Ardından, moderatörlüğünü Deniz Bakır'ın yaptığı, Ali Mendillioğlu, İslam Özkan, Metin Kayaoğlu ile Polat Alpman'ın konuşmacı olarak katıldığı "Karşılaşmalar-Yüzleşmeler" başlıklı oturuma geçildi.

'DİN SİLAHINI ONLARIN ELİNE BIRAKIRSAK YAKICI ETKİSİ OLUR'
İlk konuşmayı yapan Ali Mendillioğlu, dinin her yerde egemenliğini ilan ettğini vurguladı ve "Din emekçi sınıfları ne kadar ilgilendiriyorsa, Komünistleri de o kadar ilgilendirmeli" dedi.

İslamiyet'in Türkiye'de mutlak kalıcı etkileri olduğuna işaret eden Mendillioğlu, konuşmasında şunları belirtti: "Bu gerçeği ya egemen sınıflar ya da devrimciler sağlamıştır.
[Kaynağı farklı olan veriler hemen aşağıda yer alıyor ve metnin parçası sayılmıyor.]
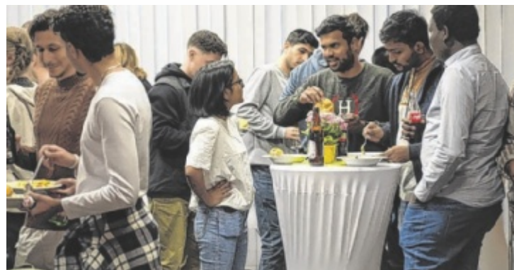
Die Teilnehmer nutzen die Möglichkeit zum Austausch am Buffet.

Die Diskussteilnehmer räumten ein, dass das Erlernen der deutschen Sprache keine leichte Aufgabe ist und sich nicht von selbst ergibt, waren sich aber einig, dass es die Mühe wert ist. Es gibt in Österreich Unternehmen, in denen Englisch die Arbeitssprache ist, und immer mehr multinationale Teams, aber „es macht das Leben so viel einfacher“, wie es einer der Redner ausdrückte. ■

Egemenler siyasal İslam'ın toplumu kapsayan ve kucaklayan bir paradigmaya dönüştürmesini sağlarken devrimcilerde yok saydığı için Sünni İslam her türlü gerici odağın haline gelmiştir. İslam'ın sol ile de sağ ile de uyuşan ilkeleri vardır bu onu ne tamamen solcu ne de sağcı yapar. En devrimci kitlelerin en gerici siyasal eğilime angaje olmuştur. Ve buralarda din önemli bir faktör haline geliyor. Böylesi dönemlerde din silahını onların eline bırakırsak yakıcı etkisi çok daha fazla olur."

'SOLDA AVRUPA MERKEZCİ BİR TAVIR GÖRÜYORUZ'
İslam Özkan ise İslam ve sol arasındaki ilişkinin iki hareket içerisinde bilinmediğine dikkat çekerek, "Sola genel olarak baktığımızda Avrupa merkezci bir tavır görüyoruz. Türkiye'deki Marksizm'in belki de en önemli eksikliklerinden biridir. Avrupa merkezciliğini büyük bir sorun olarak görüyorum. Bir Müslüman solcu, bir gerilla liderine önderlik edemez gibi bir Avrupa merkezci bir yaklaşım var" dedi.

'EZİLENLERİ YÖNETEN YAPMAK, FİRAVUNLARI YIKMAK'
Metin Kayaoğlu da Marksistlerin İslam çağında Hz. Muıhammed'in çağ açısından en büyük devrimci olduğunu söylediğini ifade etti ve "Çağ bakımından üretim güçlerinin izin verdiği ölçüde devrim yapmıştır Hz. Muhammed" dedi.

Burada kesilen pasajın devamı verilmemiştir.